Tuesday, July 28, 2009


One of my areas of interest for some time has been the pursuit of evidence of knowledge and awareness of fossils in the mythology of Native Americans and the art with which they illustrated those myths. Their observations of fossils in the landscape demanded explanations, and they inevitably developed a mythology that explained their existence. In fact, John Feliks* has proposed that the origins of rock art may have originally been inspired by seeeing fossils in the rock.

Block of stone with carved lines at the right end,
fossil trackways are visible on the rest of the surface
of the block. Chimney Rock Archaeological Area,
Colorado. Photo: Steven Main.

At the Colorado Rock Art Association annual symposium on May 7, 2005, Steven Main presented a paper about a rock with pecked lines found at the Chimney Rock Archaeological Area in southwestern Colorado. Markings purposely made on a movable object are referred to by the term mobiliary art.

Side view of the block of stone showing traces
of trackways on other layers. Chimney Rock
Archaeological Area, Colorado. Photo: Steven Main.

The interesting thing about this rock is that the obvious pecked parallel lines at one end of the rock are connected to a number of fainter markings meandering over the rest of that face of the rock. These fainter markings have been identified as fossilized Ophiomorpha trackways, the remaining trace left behind by an extinct crustacean on the sandy ocean bottom, preserved as the sand was consolidated into sandstone. Traces of more trackways can be seen in cross section on the side of the block of stone as well.

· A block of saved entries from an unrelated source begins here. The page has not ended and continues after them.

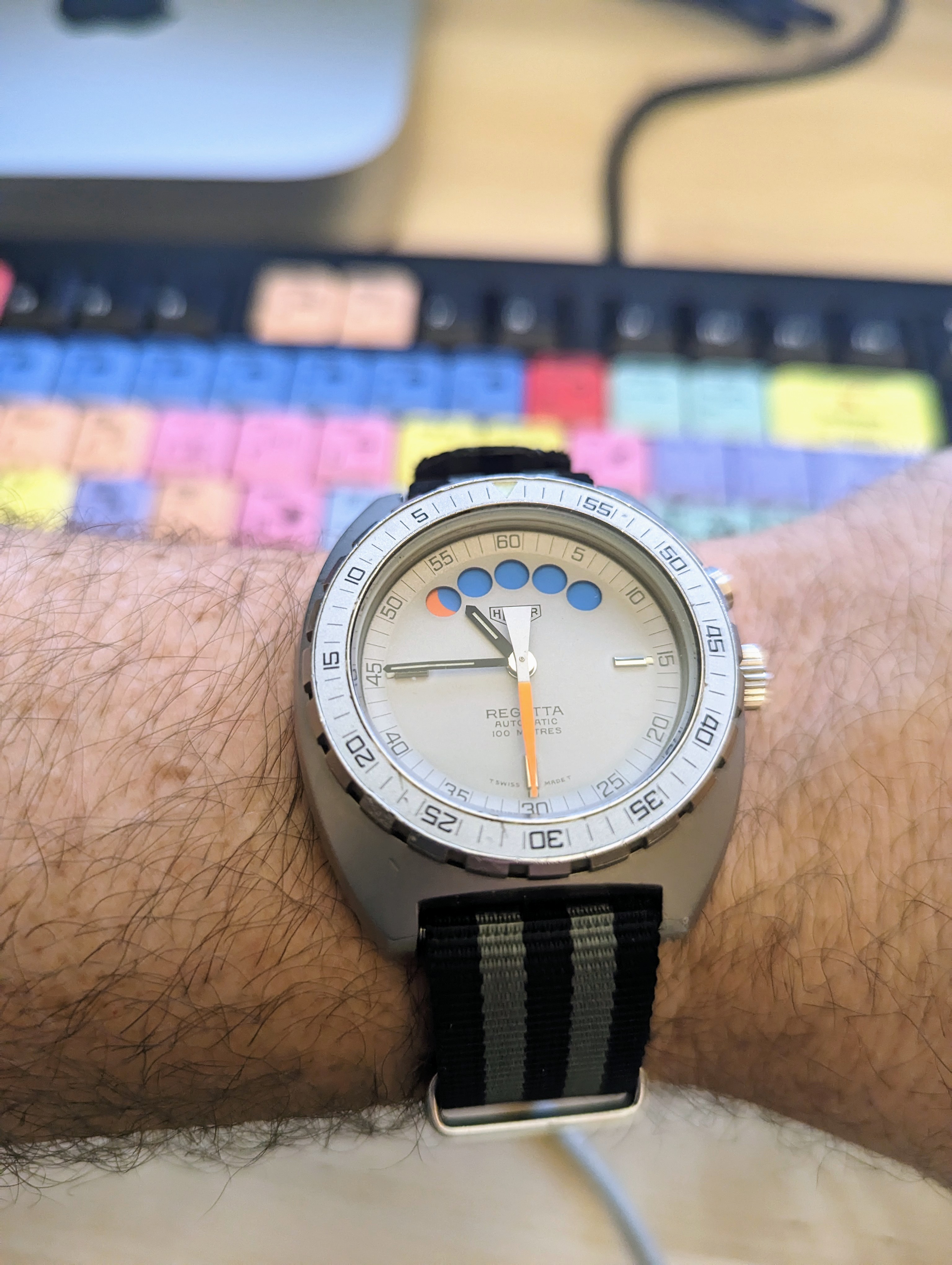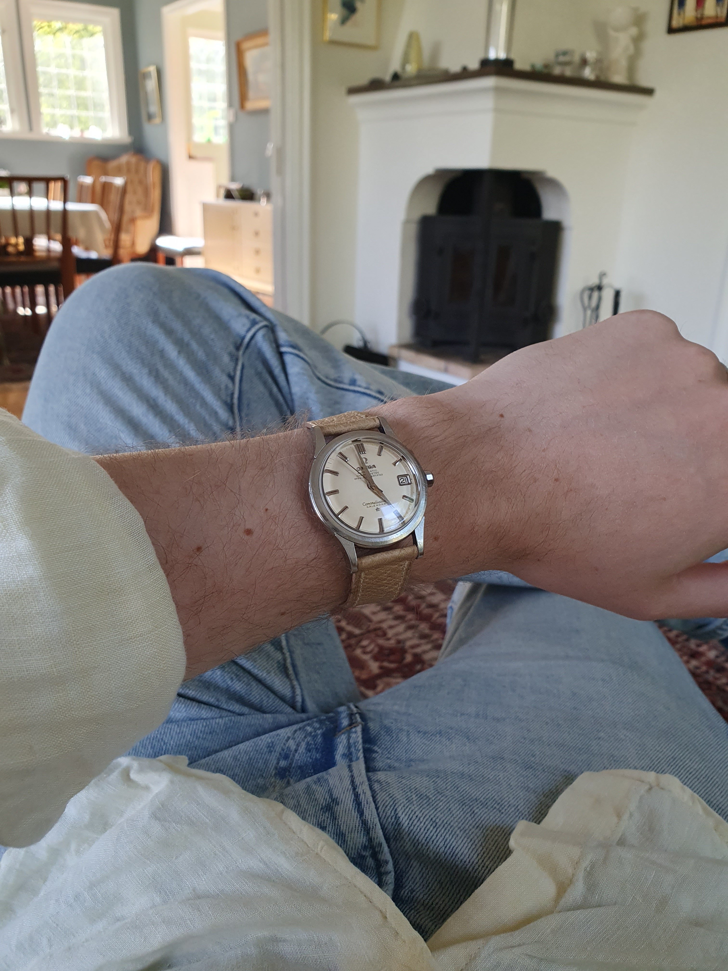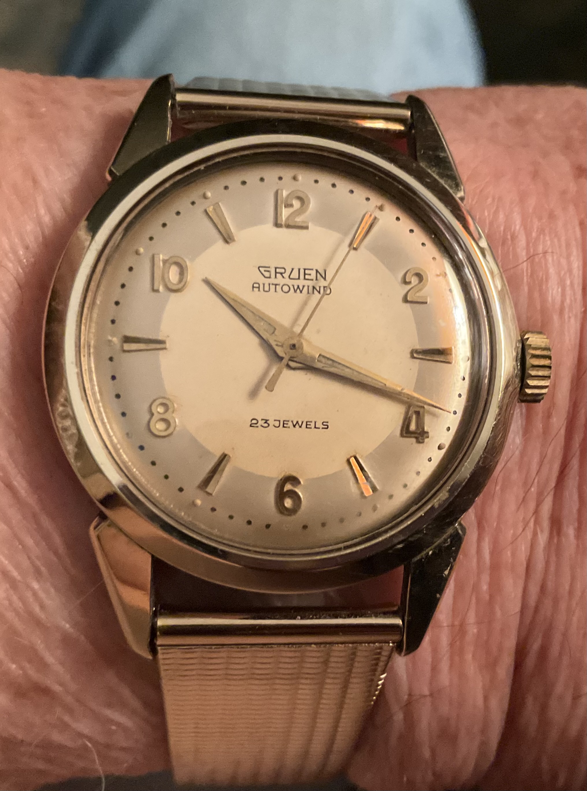 Recently, I showed my Speedmaster 345.0808, and mentioned I was planning on parking it for a week because of an impending camping trip. I only have one beater watch, a Seiko I got for free. But the cell is dead, and besides, it was time for a change to something that hadn鈥檛 seen the light of day for a while. So for the next week, my Gruen 23-jewel automatic is it. This one has a German-made Durowe movement in it. Only one I鈥檝e ever seen. This one is probably from the late 1950s, and it was a quality watch in it鈥檚 day. The case is gold shell over stainless steel.
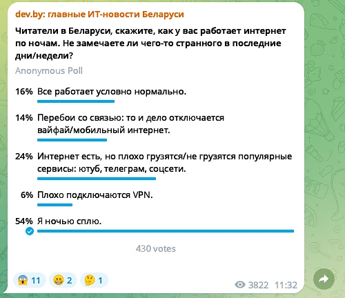 «Сегодня ночью примерно с 2 до 3 у меня не работали тикток, ютуб и телеграм. Я из Минска, оператор — Белтелеком», — рассказал читатель про ночь на 15 апреля.
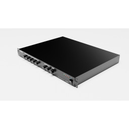 Прибор надёжно защищён от перегрева (активное + пассивное охлаждение), короткого замыкания, а также перегрузки сигнала на выходе. Монтаж настольный или в стойку. Питание от сети AC 220В. Габариты 485х44х280 мм, масса 9 кг.
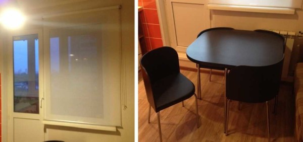 Штора — рулонная, стол и стулья — легкие
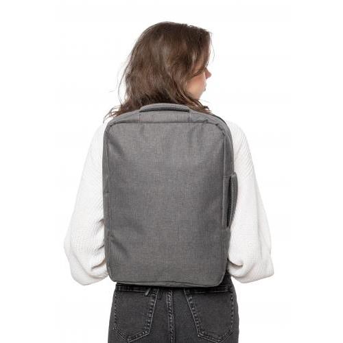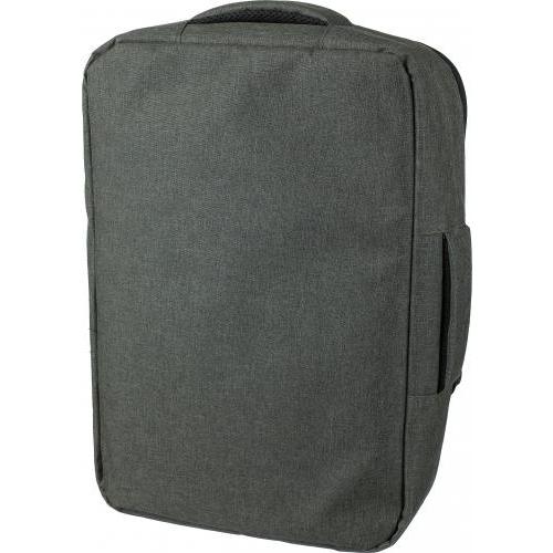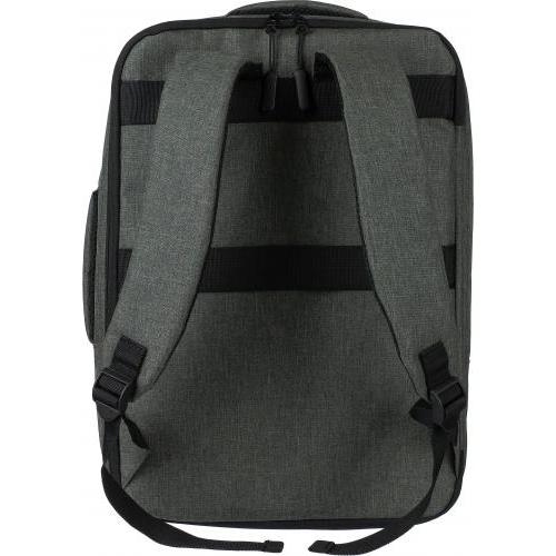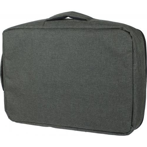 Gerecyclede rPET polyester 300D laptoptas met een 210D rPET-voering. Voorzien van een ruim hoofdvak met ritssluiting en meerdere insteekvakken, een laptopvak met klittenbandsluiting geschikt voor een 15-inch laptop, en een capaciteit van 12L. Het ontwerp bevat een verstevigde, geventileerde rug, verstelbare schouderbanden, een zijhandgreep en een trolleyband. Draagvermogen: 10 kg.
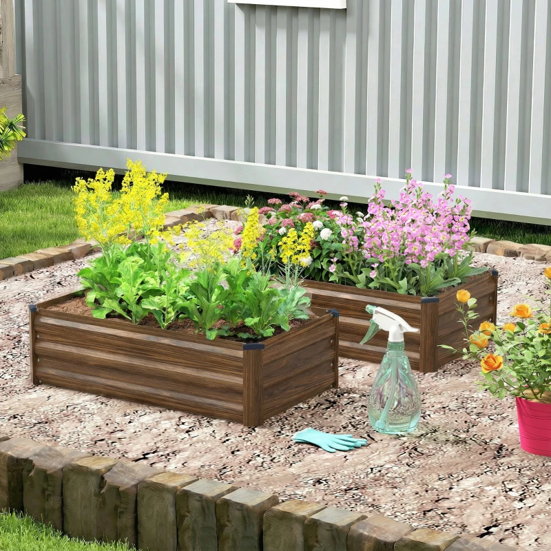 Outsunny Set of 2 Galvanized Raised Beds for Garden, Outdoor Planter Box for Flowers, Herbs and Vegetables, Dark Brown
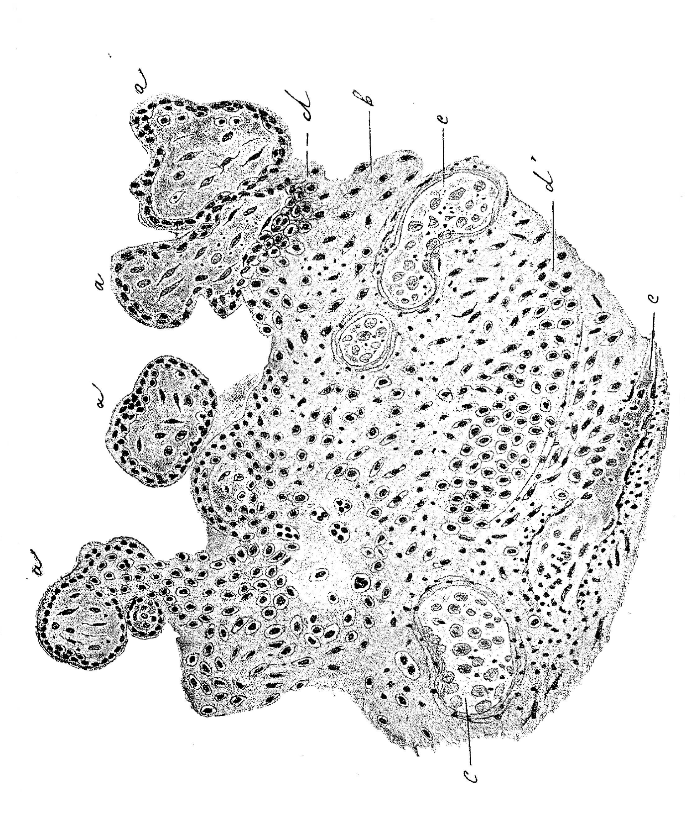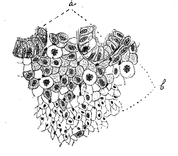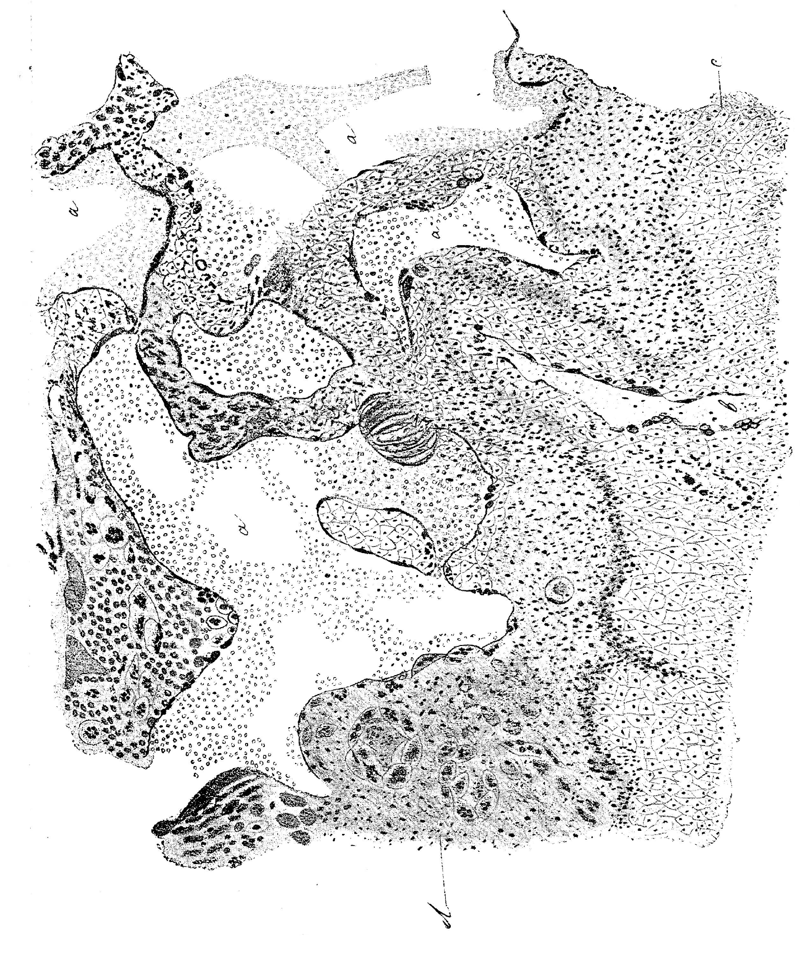 Многочисленныя почки, которыя отходятъ съ различныхъ сторонъ отъ болѣе крупныхъ ворсинокъ и составляютъ столь характерный аттрибутъ ворсинки—представляютъ по своему строенію ничто иное, какъ сейчасъ описанный многоядерный plasmodium. На этомъ же препаратѣ замѣчаются мѣста, гдѣ глубокій клѣточный слой измѣняется, клѣтки его уплощаются, становятся веретенообразными или даже вовсе пропадаютъ. За то plasmodium лежитъ болѣе широкой полосой.
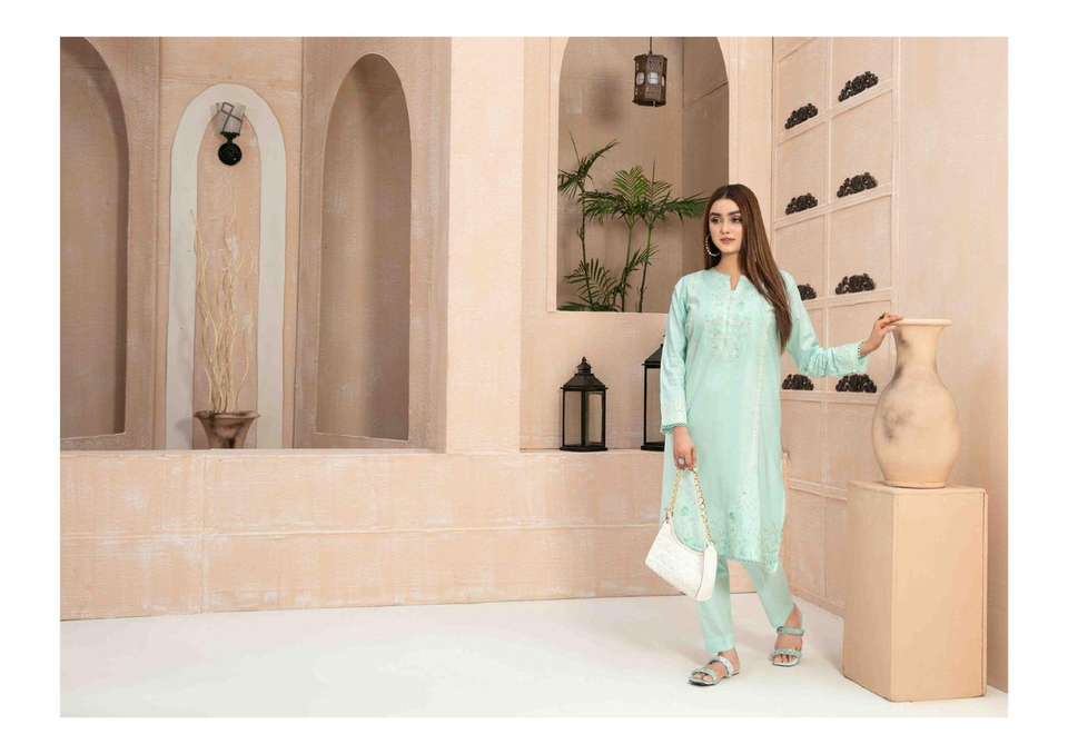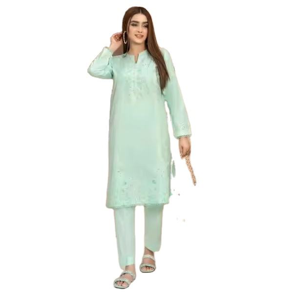 ชุดผ้าฝ้าย2ชิ้นสำหรับผู้หญิงคอสูงสีธรรมชาติระบายอากาศได้ดีตราปากีสถาน
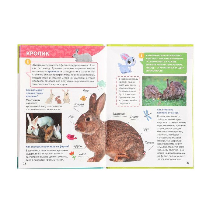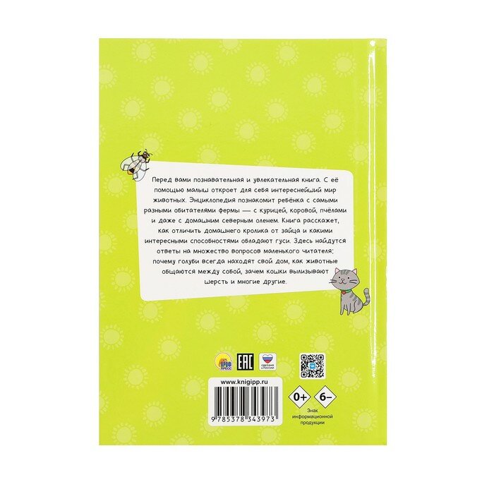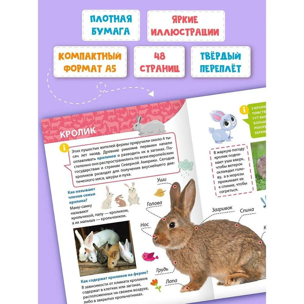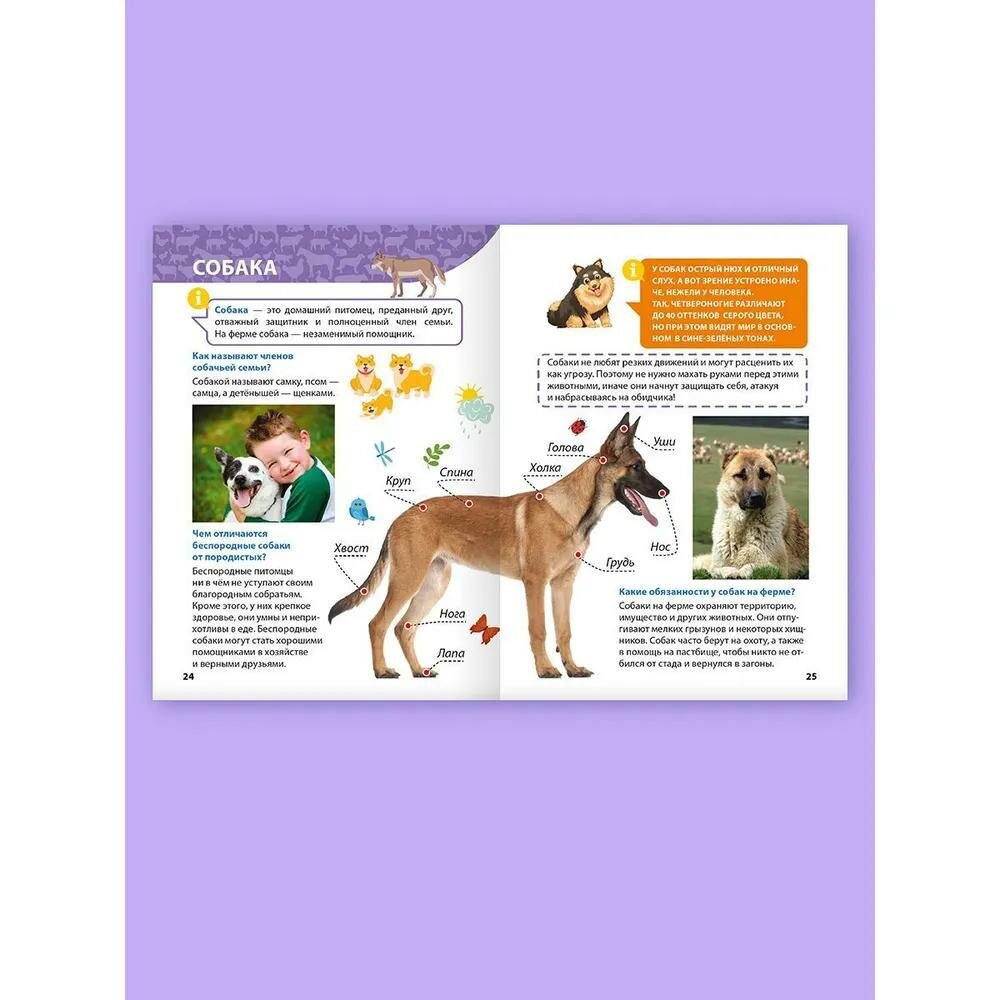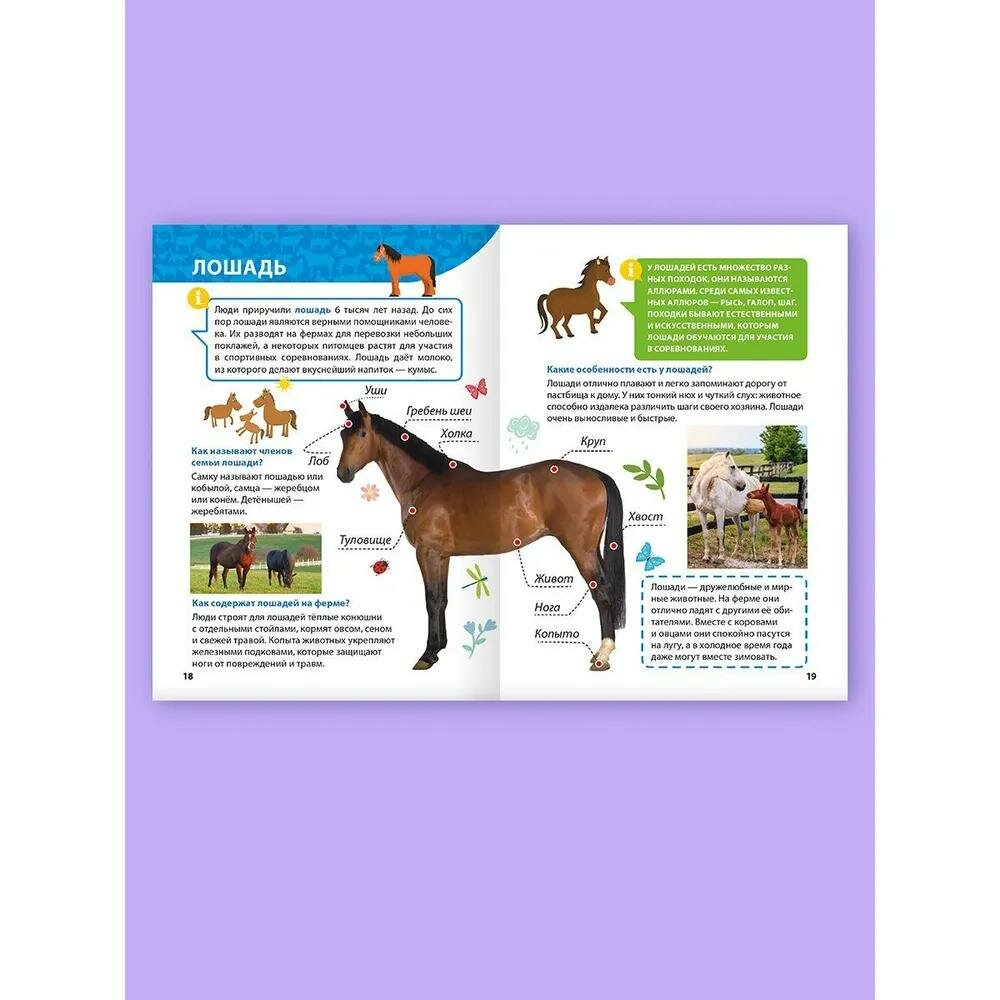 Перед вами познавательная а увлекательная книга. С её помощью малыш откроет для себя интереснейший мир животных. Энциклопедия познакомит ребёнка с самыми разными обитателями фермы — с курицей, коровой, пчёлами и даже с домашним северным оленем. Книга расскажет, как отличить домашнего кролика от зайца и какими интересными способностями обладают гуси. Здесь найдутся ответы на множество вопросов маленького читателя; почему голуби всегда находят свой дом, как животные общаются между собой, зачем кошки вылизывают шерсть и многие другие.

This block of stone displays an instance in which the natural markings of the fossilized trackways apparently inspired additional pecked markings to complete a design or pattern imagined by the prehistoric artist (again this would fit in with John Feliks’ theories of the origins of rock art having been inspired by seeing fossils in the rock). Main stated that his original impression of the rock image was its likeness to images of Tlaloc from the greater southwest, but that he had abandoned that possibility because of lack of evidence. My personal reaction to the rock is that the image resembles the foot or footprint of a bear.

Whether or not the fossil traces inspired the original idea of creating petroglyphs in general, it seems certain that these fossil trackways inspired the addition of the pecked parallel lines in this example, proving not only Native American’s awareness of fossil traces but also implying the connection between those fossils and some of their art.

I am grateful to Steven Main for allowing me to use his photos and information.

* John Feliks is an independent scholar researching early human cognition. Along with the science, he offers an inside perspective based on an extensive background in the arts. Feliks’ recent studies involve the language and mathematics capability of Homo erectus and other early people.